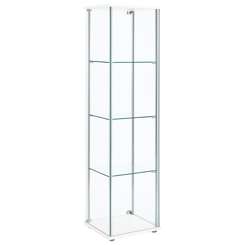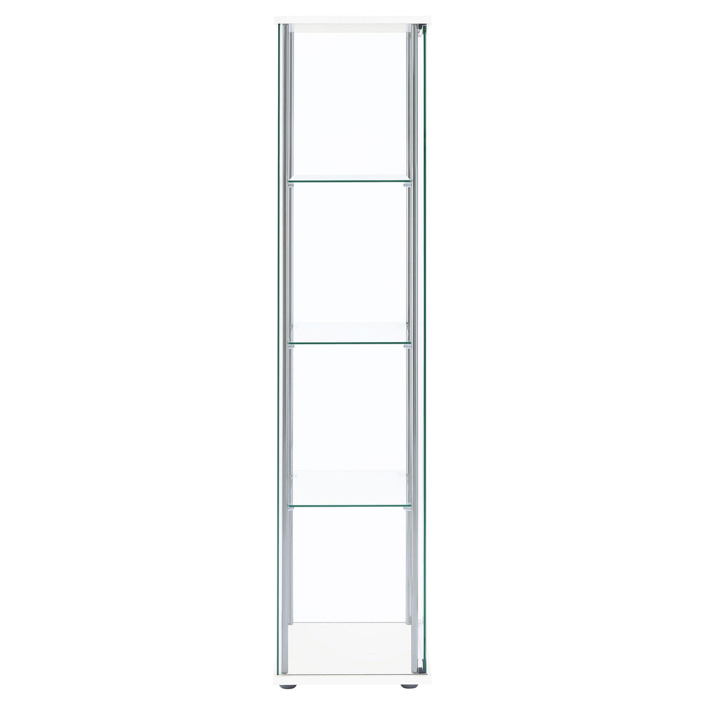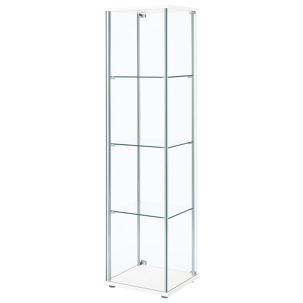 • Modern curio cabinet with rectangular top and base provides classic elegance
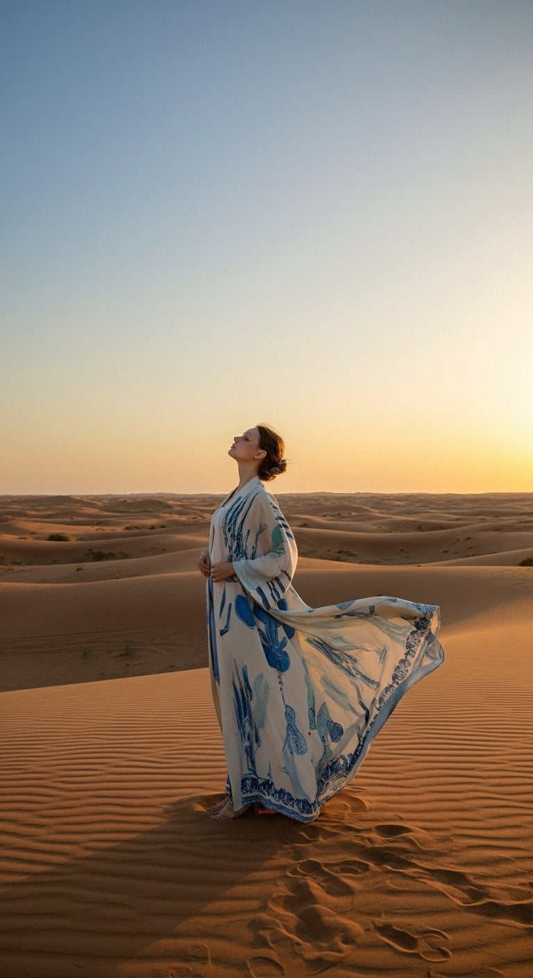 Keten karışımlı kumaşın nefes alan yapısı sayesinde en sıcak günlerde bile ferah kalırken; rahat, bol ve dökümlü kesimiyle özgürce hareket edebilirsiniz. Gün batımı yürüyüşlerinden şık davetlere kadar her ana uyum sağlayan bu kimono, kendinden kemerli yapısıyla stilinizi kişiselleştirmenize olanak tanır.
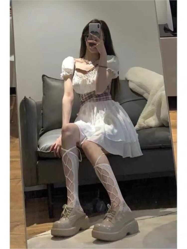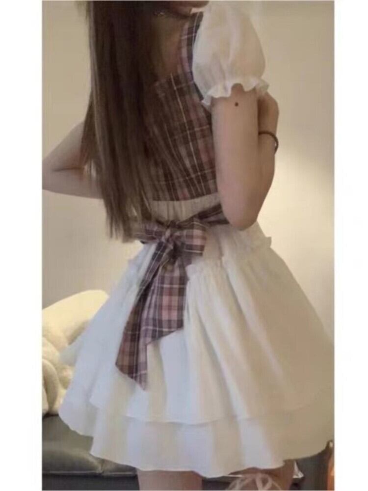 2022年の新しい甘くてクールなフェイクのツーピースのチェック柄の弓のストラップのデザインのウエストとスリムなフリルのドレス リボン 大人ガーリー スウィート キュート カジュアル bel55942075923 | aliel
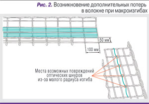 Традиционно медножильная проводка в обоих вариантах расположения размещается на сетчатых лотках различного поперечного сечения. Конструкцию лотка рассчитывают таким образом, чтобы она выдержала большой вес медного кабеля. Используется проволока сечением от 4 до 7 мм – в зависимости от сечения лотка и его несущей способности. Оптическое волокно по своей природе создает дополнительные потери вследствие микро- и макроизгибов (рис. 2). Поскольку размер ячейки проволочного лотка довольно велик (как правило, 50×100 или 70×120 мм), макроизгибы обусловлены перегибом оптического кабеля через каждую проволоку в составе лотка. Таким образом, при большом количестве патчкордов на лотке верхние слои будут оказывать давление на нижние, дополнительно увеличивая затухание в оптическом тракте.
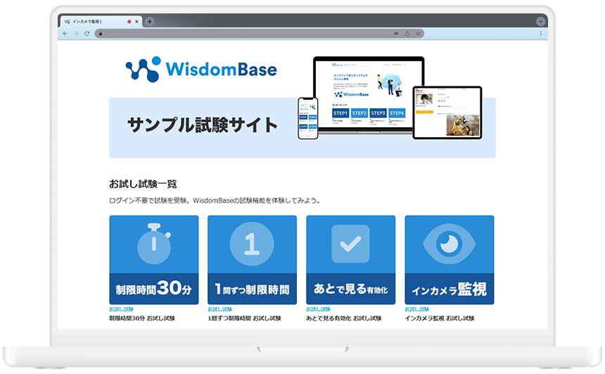 受験画面や不正対策機能などWisdomBaseの試験機能を体験いただけます。

Task statement » Every line of the listing is to be retyped exactly; pictures stay out.

Your solution »
 • Modern curio cabinet with rectangular top and base provides classic elegance
 Keten karışımlı kumaşın nefes alan yapısı sayesinde en sıcak günlerde bile ferah kalırken; rahat, bol ve dökümlü kesimiyle özgürce hareket edebilirsiniz. Gün batımı yürüyüşlerinden şık davetlere kadar her ana uyum sağlayan bu kimono, kendinden kemerli yapısıyla stilinizi kişiselleştirmenize olanak tanır.
 2022年の新しい甘くてクールなフェイクのツーピースのチェック柄の弓のストラップのデザインのウエストとスリムなフリルのドレス リボン 大人ガーリー スウィート キュート カジュアル bel55942075923 | aliel
 Традиционно медножильная проводка в обоих вариантах расположения размещается на сетчатых лотках различного поперечного сечения. Конструкцию лотка рассчитывают таким образом, чтобы она выдержала большой вес медного кабеля. Используется проволока сечением от 4 до 7 мм – в зависимости от сечения лотка и его несущей способности. Оптическое волокно по своей природе создает дополнительные потери вследствие микро- и макроизгибов (рис. 2). Поскольку размер ячейки проволочного лотка довольно велик (как правило, 50×100 или 70×120 мм), макроизгибы обусловлены перегибом оптического кабеля через каждую проволоку в составе лотка. Таким образом, при большом количестве патчкордов на лотке верхние слои будут оказывать давление на нижние, дополнительно увеличивая затухание в оптическом тракте.
 受験画面や不正対策機能などWisdomBaseの試験機能を体験いただけます。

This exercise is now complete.